### Work to complete
Starting at the line that contains "Děti od 5 let", return every line through the end of the data exactly, without pictures.

### Dataset section
§

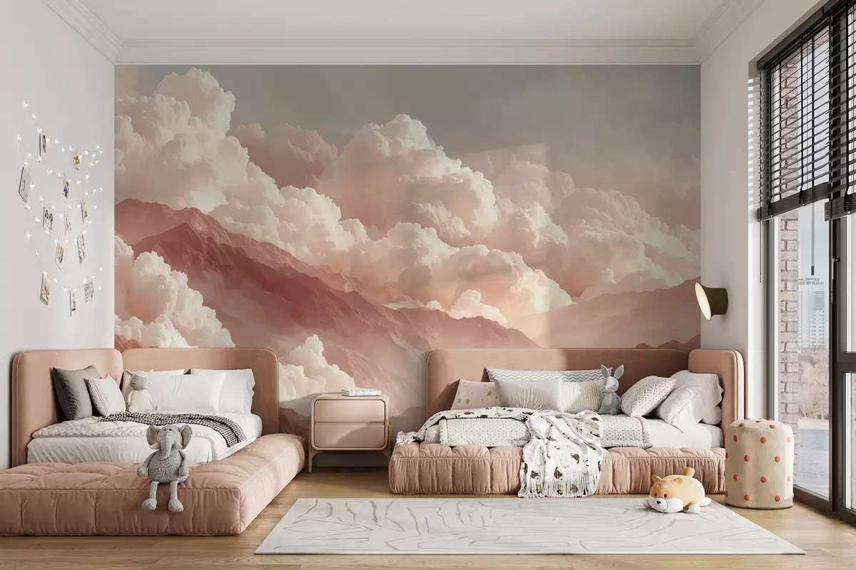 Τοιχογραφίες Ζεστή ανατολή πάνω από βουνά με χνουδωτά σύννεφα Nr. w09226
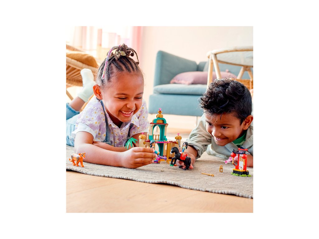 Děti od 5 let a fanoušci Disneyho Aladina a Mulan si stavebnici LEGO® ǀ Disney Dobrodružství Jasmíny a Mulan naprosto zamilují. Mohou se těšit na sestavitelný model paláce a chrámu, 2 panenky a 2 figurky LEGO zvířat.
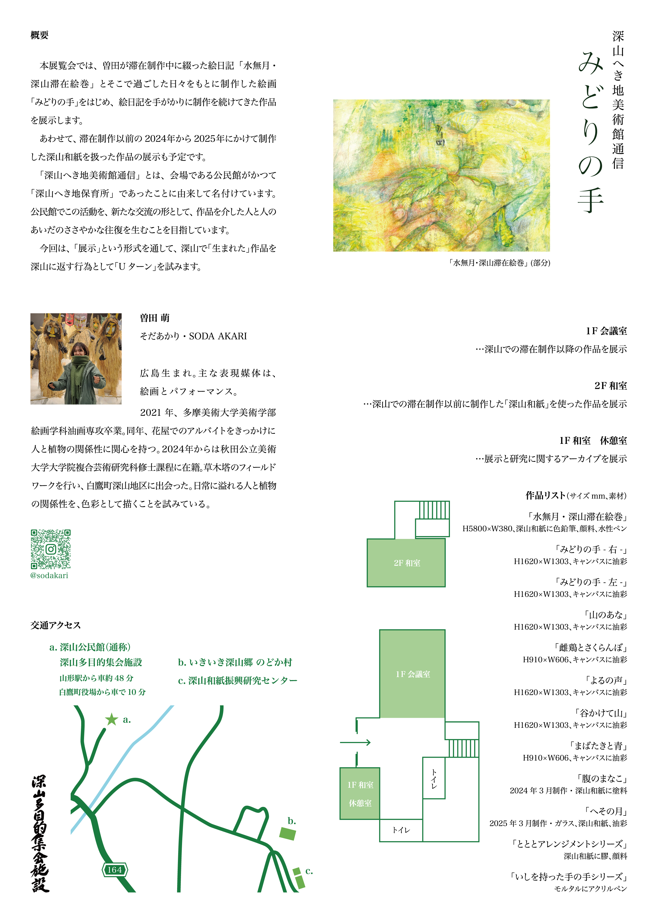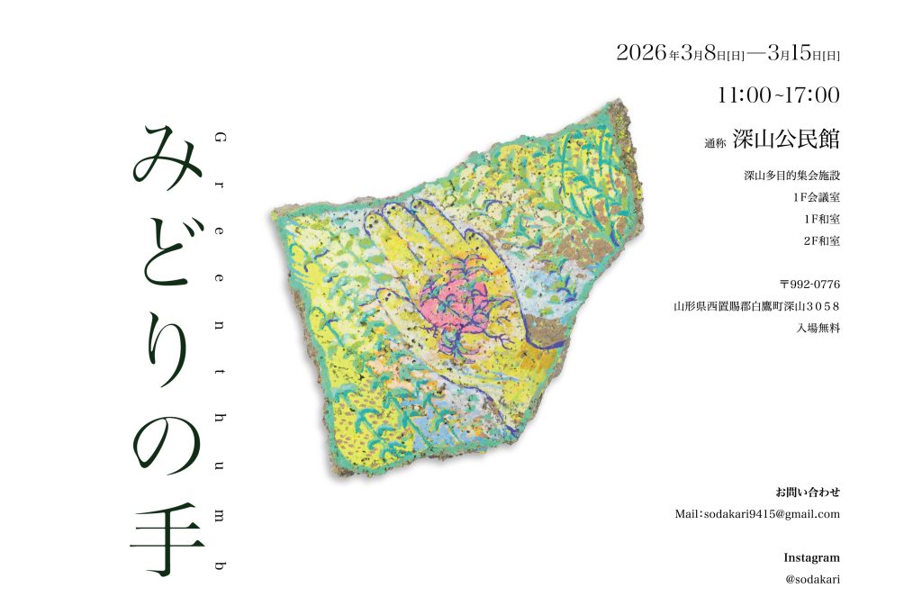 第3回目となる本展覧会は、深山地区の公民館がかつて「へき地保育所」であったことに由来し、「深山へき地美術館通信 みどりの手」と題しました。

§

### Worked solution
 Děti od 5 let a fanoušci Disneyho Aladina a Mulan si stavebnici LEGO® ǀ Disney Dobrodružství Jasmíny a Mulan naprosto zamilují. Mohou se těšit na sestavitelný model paláce a chrámu, 2 panenky a 2 figurky LEGO zvířat.
 第3回目となる本展覧会は、深山地区の公民館がかつて「へき地保育所」であったことに由来し、「深山へき地美術館通信 みどりの手」と題しました。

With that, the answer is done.